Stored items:
===============

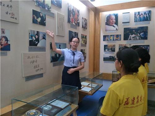 实践队员们认真倾听讲解员讲述冰心的故事。李宇欣 摄
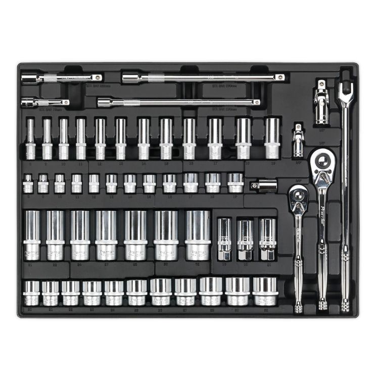 | Contents | 3/8"Sq Drive Sockets; 8, 9, 10, 11, 12, 13, 14, 15, 16, 17, 18, 19mm, 3/8"Sq Drive Deep Sockets; 8, 9, 10, 11, 12, 13, 14, 15, 16, 17, 18, 19mm, 1/2"Sq Drive Sockets; 20, 21, 22, 23, 24, 25, 26, 27, 28, 30, 32mm, 1/2"Sq Drive Deep Sockets; 21, 22, 24, 27, 28, 30, 32mm, Spark Plug Sockets; 16, 18, 21mm, 3/8"Sq Drive Flip Reverse Ratchet Wrench, 1/2"Sq Drive Flip Reverse Ratchet Wrench, Universal Joints; 3/8" & 1/2"Sq Drive, 3/8"Sq Drive Extension Bars; 75, 250mm, 1/2"Sq Drive Extension Bars; 125, 250mm, 380mm 1/2"Sq Drive Breaker Bar, 1/2"(F)-3/8"(M) Sliding T-Bar Adaptor |
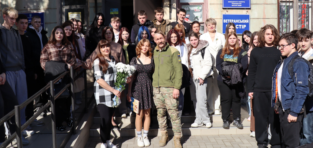 Учні уважно слухали гостя, ставили запитання. Розмова вийшла по-справжньому глибокою, з великою повагою до людського досвіду і до тих, хто сьогодні боронить Україну.
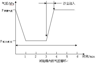 試驗用塵:試驗用塵是干燥的非磨蝕性的細(xì)粉塵,能夠通過篩孔為75µm,金屬絲直徑為50µm的平面網(wǎng)狀篩。本試驗中可以使用滑石粉,分析表明它可以滿足要求。試驗用塵使用次數(shù)不應(yīng)超過20次。應(yīng)注意維持干燥以保持粉塵細(xì)度,使用前應(yīng)在80℃下烘干2h. 塵濃度:試驗用塵的數(shù)量應(yīng)能夠使箱底基準(zhǔn)表面上的沉降量均勻維持在(600±200)µ/(m²•h)。 氣流:試驗箱內(nèi)的氣流應(yīng)主要是自上而下的垂直氣流,而非層流。 氣流速度:氣流速度應(yīng)能夠使塵在試驗箱內(nèi)均勻分布。 濕度:試驗箱內(nèi)的相對濕度應(yīng)小于15%。可以通過提高試驗箱濕度實現(xiàn)。 樣品內(nèi)氣壓:根據(jù)樣品的運(yùn)行條件,樣品外殼可以分為兩種類型: 類型1:樣品外殼內(nèi)的氣壓可能會與外界大氣壓不同,例如由運(yùn)行中的熱力循環(huán)引起氣壓不同。 類型2:樣品外殼內(nèi)的氣壓跟外界氣壓相同。 相關(guān)規(guī)范應(yīng)闡明樣品外殼類型和壓力降。 砂塵試驗箱對于具有類型1外殼的樣品,應(yīng)放入試驗箱,并按照正常使用位置安裝。樣品應(yīng)承受圖中規(guī)定的壓降周期。根據(jù)相關(guān)規(guī)范中規(guī)定,壓力降應(yīng)為2kPa(20mbar)或5kPa(50mbar) 。 如圖所示,塵應(yīng)在每個循環(huán)周期內(nèi)注入。 對于具有類型2外殼的樣品,應(yīng)放入試驗箱,并按照正常使用位置安裝。此種情況下,不應(yīng)使用真空泵。
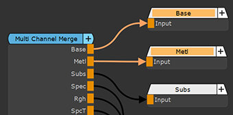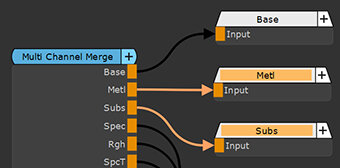 In Mari's Node Graph, you can either navigate from left-to-right (default), also called No Port List, or top-to-bottom, also called Show Port List. You can set the navigation type
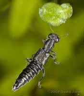While watching the Shore-flies, I almost missed another insect that was crossing the water. This small rove-beetle was moving across the surface film with hardly an impression made by its feet. I didn't get the chance to measure it, but I estimate its length to be something like 7-9mm.
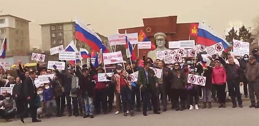 Зарим талаараа ОХУ-ыг дэмжиж, Украины неонацизмыг эсэргүүцэн, хэвлэл мэдээллийн байгууллагууд үнэн бодит мэдээллийг ард түмэнд өгөхгүй байгааг шүүмжлэх болсон. Тиймээс өнгөрөгч амралтын өдөр Г.К.Жуковын талбайд “Даян дэлхийд фашизм хэрэггүй, бид эхнийг хүснэ” уриан дор “Новороссия андууд” нийгэмлэг, “Хөрш ОХУ-ыг дэмжигч монголчуудын цахим нэгдэл” ТББ болон “Даян дэлхийн энхтайван, тэгш эрхт байдлын төлөө” цахим орчинд нэгдсэн иргэд зохион байгуулав. Тэд энэ үеэрээ адил тэгш, үнэн бодит мэдээлэл түгээхийг хүссэн юм.
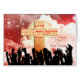 Une carte de Noël pour ton père et ta belle-mère. Une carte de Noël très différente. Des foules qui applaudissent se serrent les mains devant une croix d'or. La croix est inscrite en rouge avec les salutations de Noël et les phrases. Dans l'arrière - plan est un ciel rouge avec des foules tourbillonnantes et des étoiles. Envoyez un message religieux ce Noël avec une carte qui exsumera le bonheur.
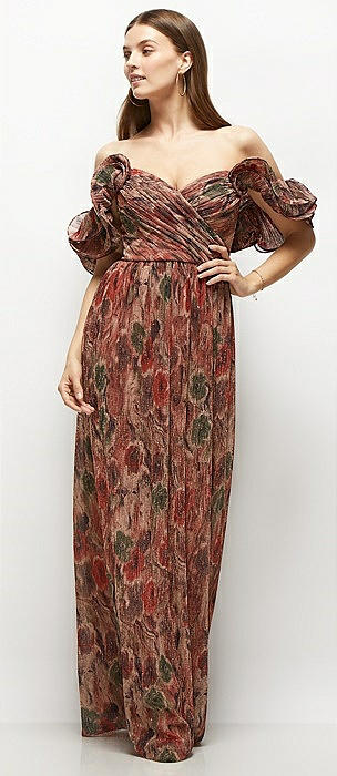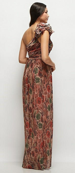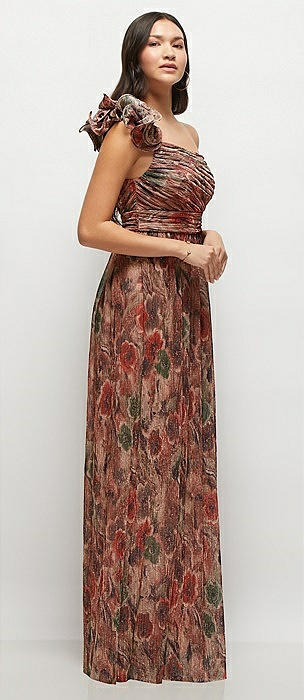 Dramatic Ruffle Edge One-Shoulder Fall Foral Pleated Metallic Maxi Dress
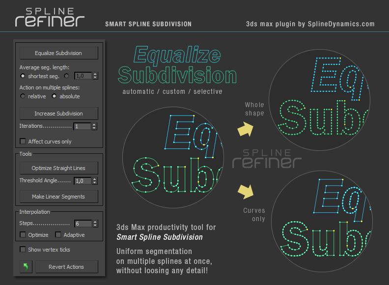 Spline Refiner is a 3dsMax productivity tool to fine-tune your spline shapes incredibly fast, in a simple and efficient way.
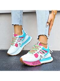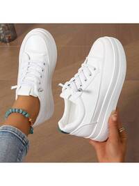 Clunky SneakerDamskie trampki na platformie i koturnie, białe, codzienne buty na wysokim obcasie, superlekkie i wygodne, sznurowane, z okrągłym noskiem, z oddychającej siateczki, odpowiednie na co dzień, do ćwiczeń, do biura, na randki - wzrost o 7 cm
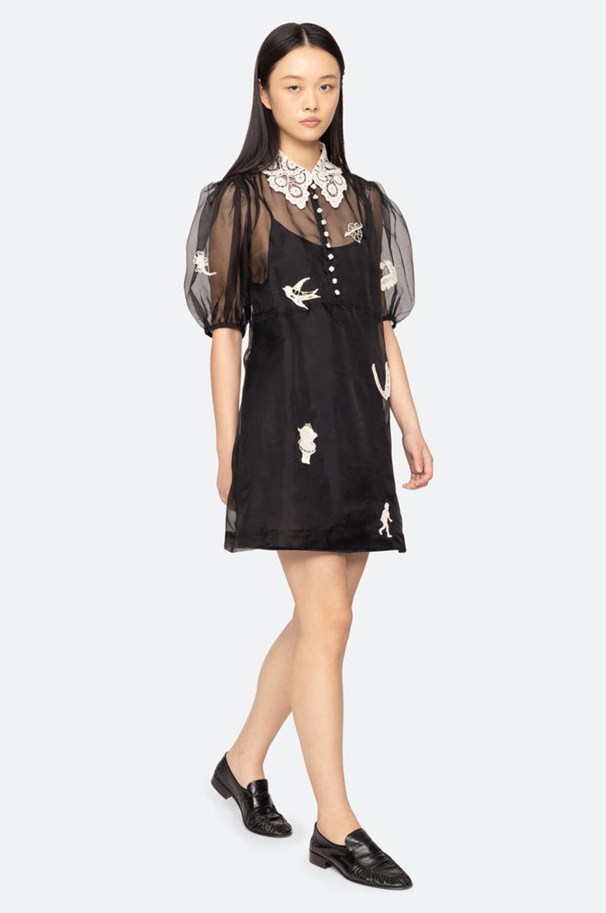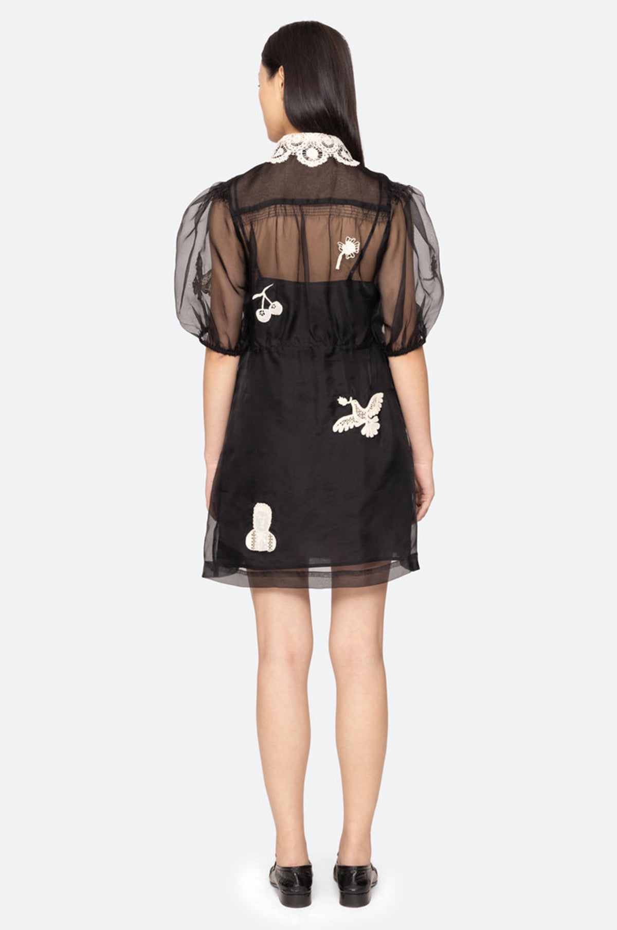 The Ellison mini dress from Sea New York is crafted from sheer black organza fabric with a removable slip for versatile styling. A lace trimmed collar, short puff sleeves, and intricate floral buttons complement the folkloric lace motifs scattered throughout, creating a romantic, vintage-inspired look. Style over tights and boots.
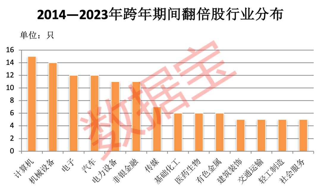 根据证券时报·数据宝的统计,以每年的11月1日至次年1月31日作为跨年周期,2014年至2023年期间,共有151只个股的最大涨幅实现了翻倍(与10月31日收盘价相比)。
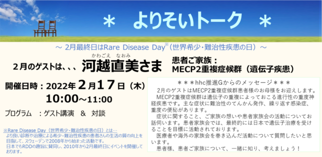 2月17日(木)にEAファーマ(株)社が行っている「よりそいトーク」にてMECP2重複症候群や家族会の活動などをお話させていただきました。
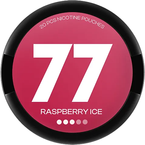 77 Nicotine Pouches Raspberry Ice är en tobaksfri nikotinportion i slim-format från varumärket 77 Nicotine Pouches. Produkten tillverkas av Luna Corporate och innehåller nikotin men ingen tobak. Prillorna är helvita och baserade på växtfibrer med torr utsida och fuktigt innehåll, vilket bidrar till en jämn frisättning av smak och nikotin. Varje dosa innehåller 20 portioner.
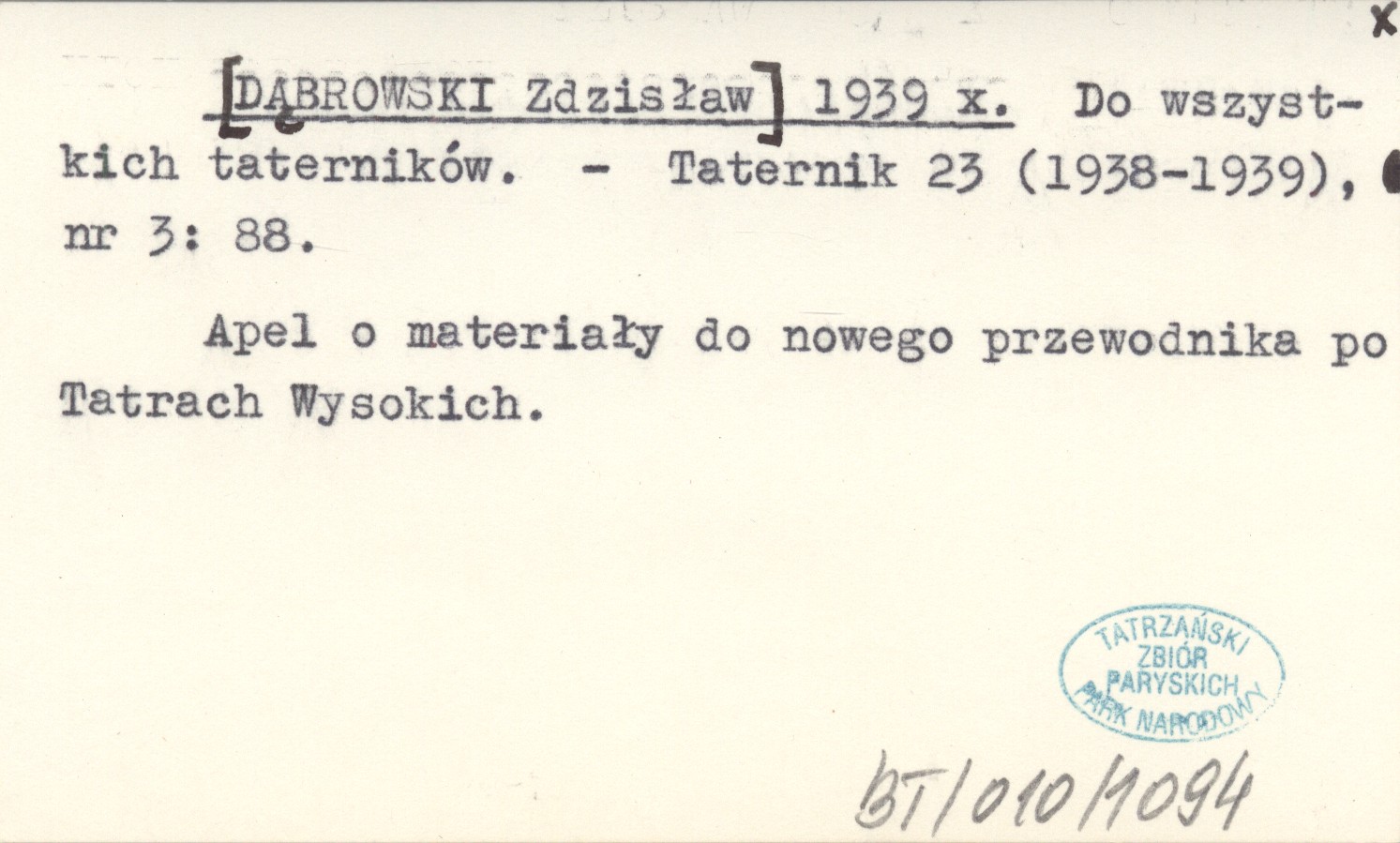 [DĄBROWSKI Zdzisław] 1939 x Do wszystkich taterników.
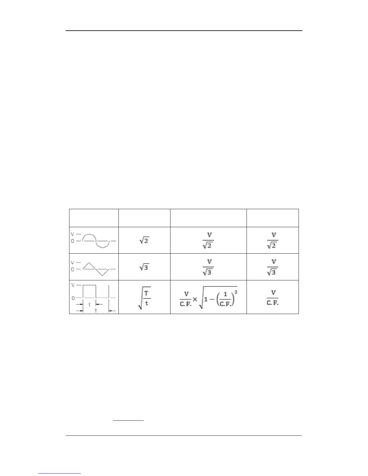 Table 4- 1 True RMS AC Measurement of Sine, Triangle and Square waves
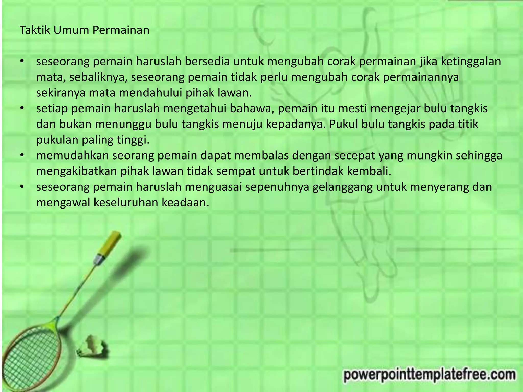 Dokumen ini membahas taktik permainan bulu tangkis, menekankan pentingnya kecepatan, posisi, dan inisiatif untuk menyerang serta mengendalikan permainan. Pemain harus selalu bergerak ke arah bulu tangkis dan menggunakan pukulan tinggi untuk efektivitas maksimal, terutama dalam permainan beregu yang memerlukan kerjasama dan komunikasi antara pasangan. Selain itu, terdapat aturan mengenai tinggi tiang dan penanda pada gelanggang.

===============

THE PROBLEM
Give again, exactly as written above, each line from the one that has "Spline Refiner is" to the one that has "Clunky SneakerDamskie trampki", both included; omit the pictures.

TASK SOLUTION
 Spline Refiner is a 3dsMax productivity tool to fine-tune your spline shapes incredibly fast, in a simple and efficient way.
 Clunky SneakerDamskie trampki na platformie i koturnie, białe, codzienne buty na wysokim obcasie, superlekkie i wygodne, sznurowane, z okrągłym noskiem, z oddychającej siateczki, odpowiednie na co dzień, do ćwiczeń, do biura, na randki - wzrost o 7 cm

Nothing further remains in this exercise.